Taking Charge Of The Non-Adherent Patient With Diabetes
Understanding the dynamic of the patient’s household may also shed light on the non-adherence. Is the patient the caregiver for others? Does the patient have to do all of the grocery shopping and errands him- or herself? We instruct patients to limit their activities but if they have no one else to rely on, what can they do? Not everyone has the luxury of having family that is in close proximity or is willing to help. Fortunately, there are programs that can help patients with day-to-day chores and activities.
Have patients bring in some pictures of their house and neighborhood. This will not only let the physician evaluate the living conditions and the physical demands on the patient (number of steps, hills, sidewalk conditions, etc.), but it also helps further the relationship with the patient. Ask questions since many people like to talk about themselves.
How A Rehabilitation Center Can Facilitate Non-Weightbearing
In regard to applying these principles, we encountered a patient in his late 50s with diabetes, who had sustained a calcaneal fracture. The fracture occurred a couple of years prior to the patient presenting to our practice. It appeared to be a Rowe type II fracture. A previous doctor fixated the fracture without incident. The patient is on dialysis and has peripheral neuropathy.
By the time we met the patient, he was essentially walking on his talus with his calcaneus displaced laterally. After discussing expectations, treament options and possible complications, we determined a plan for the surgery but this was only a portion of the overall picture. Lengthy discussions ensued with the patient about his living situation, medical needs and the absolute necessity to remain non-weightbearing.
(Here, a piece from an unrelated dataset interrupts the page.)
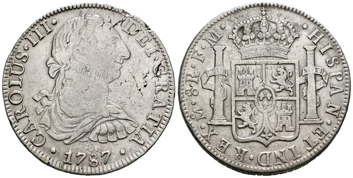 CARLOS III (1759-1788). 8 Reales. (Ar. 26,79g/38mm). 1787. México FM. (Cal-2019-1131). MBC-/MBC. Plata agria.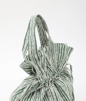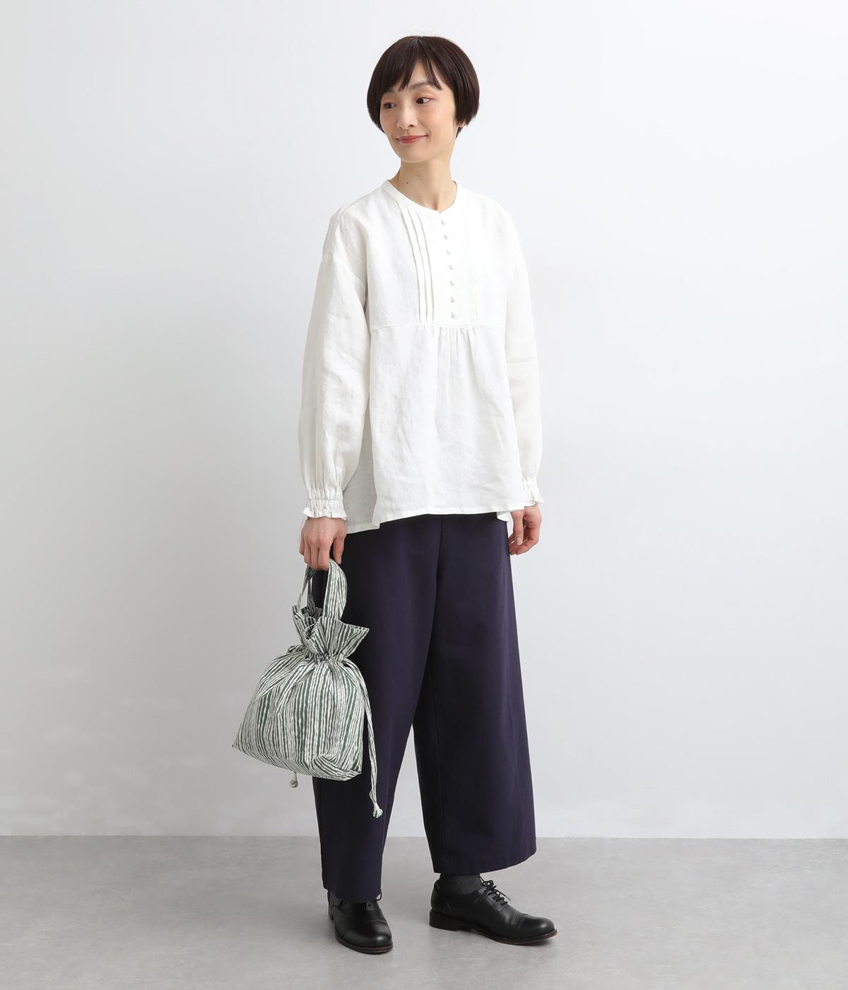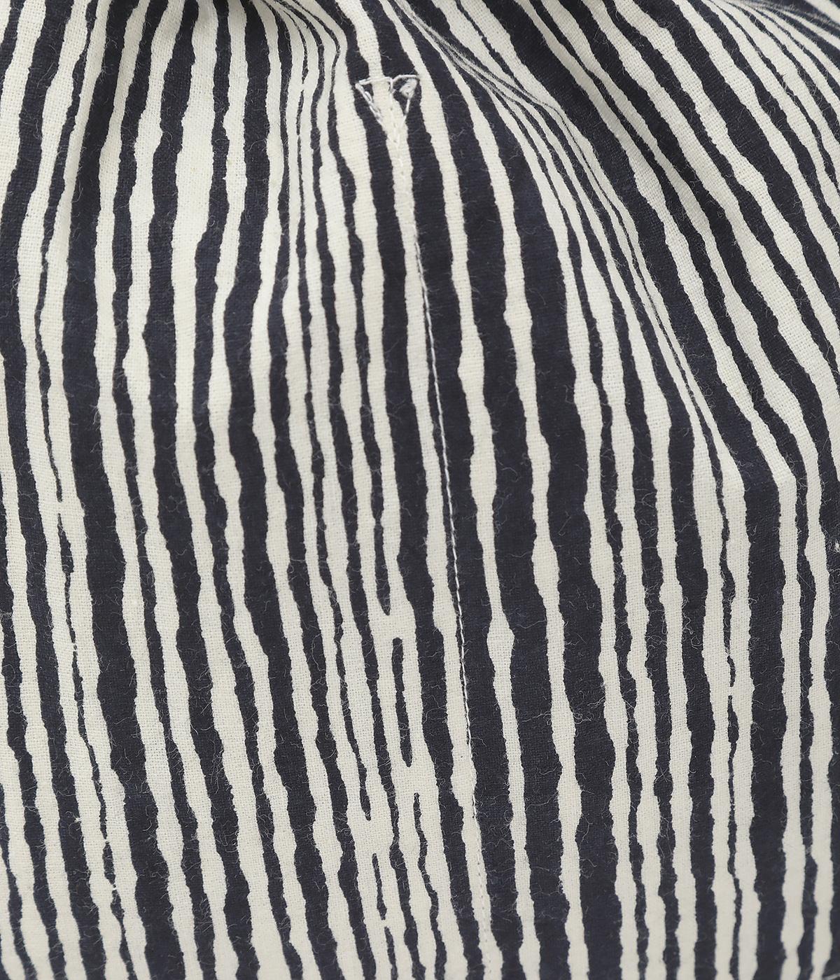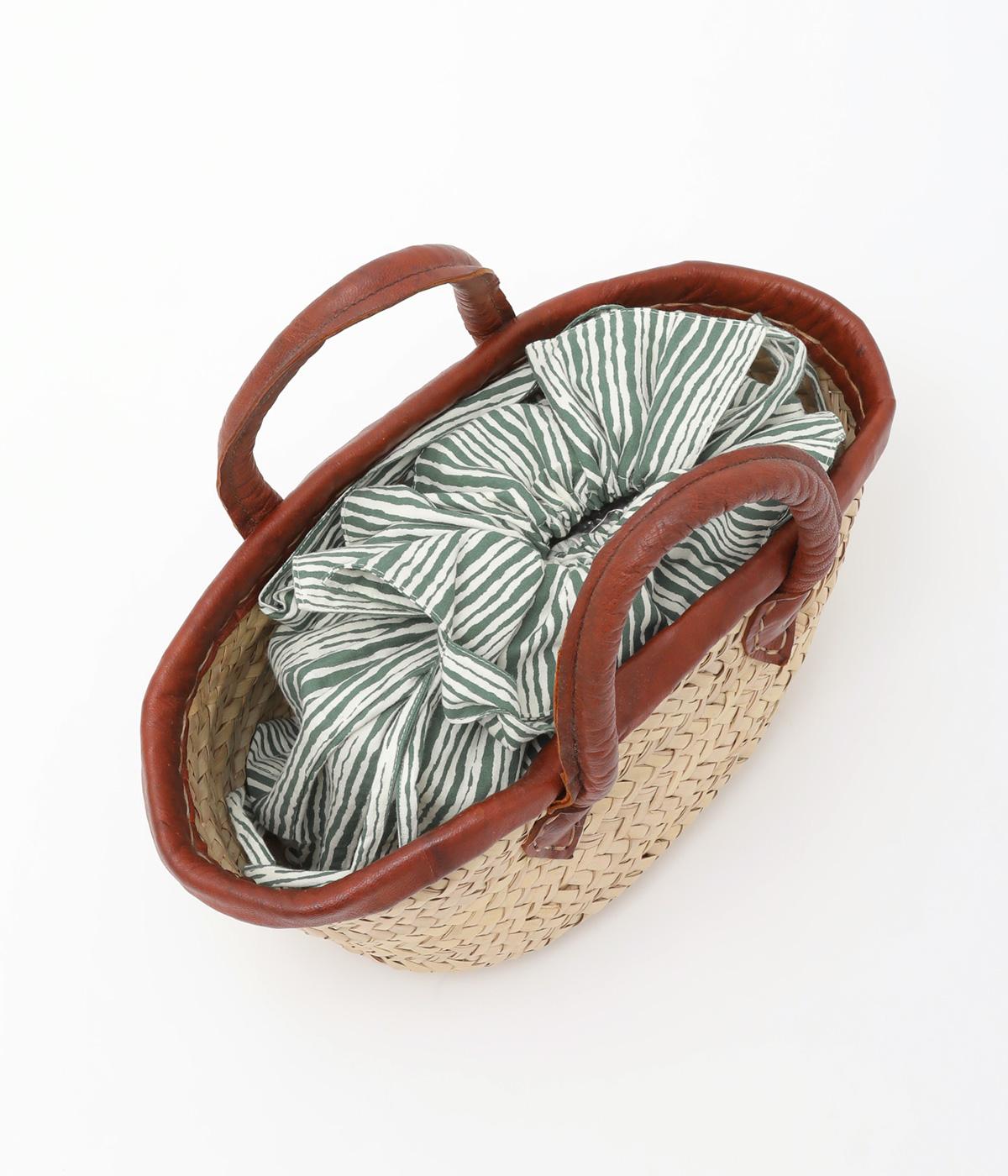 さわやかなストライプ柄にころんとした巾着フォルムがコーディネートのワンポイントに。口を開いてシンプルなトートバッグにしたり、かごバッグなどのインナーにしたりマルチに活躍。ポケットも豊富で小ぶりながら使い勝手抜群。

Armed with as much information as we could gather, we decided to have the patient go to a rehabilitation facility for the month or so of the postoperative peroid. This may not have been exactly what the patient wanted but we were able to explain the importance of remaining non-weightbearing, maintaining proper nutritonal status, smoking cessation, glycemic control and monitoring of his mental health. All of these were things that the facility offered.
We performed a talo-tibial-calcaneal arthrodesis with an intramedullary rod and external fixator. The postoperative course continued as planned without incident.
Despite your best efforts, wounds dehisce and ulcers get infected. When the dust settles, you end up just being fortunate that the patient was able to keep the leg.
When The Patient Wants A Quick Fix
Another patient that comes to mind is the exact opposite of the previous patient example. A patient with a venous stasis ulcer, she always wanted a quick fix to the problem whether it was skin grafts, hyperbaric oxygen and superficial venous ablation. However, the patient would constantly miss appointments, remove her dressings and place whatever she felt like on the ulcer.
We were frustrated. The patient only seemed to come in when it was time for pain medication or she needed a form filled out for disability. We pondered whether she really wanted to get better. Eventually, the patient received a second opinion and we were relieved to be rid of this incredibly non-adherent patient.
Reflecting on it now, we knew things about the patient but did not really get to know her. We never met her family nor did we really know all of the stresses in her life. Maybe if we had gone the extra mile and developed a more significant relationship with the patient, she would have had a different outcome.
Helping Patients Focus On The Big Picture
A final example involves a patient we just recently met and whom we are currently deciding how best to manage. The patient is a non-adherent patient with diabetes who is in the early stage of a midfoot Charcot. Even in her own admission, she has noticed changes in the way her foot looked between our first and second visits. Despite what her own eyes have observed, she was more concerned with going in the pool over the Fourth of July weekend than the long-term consequences of her actions.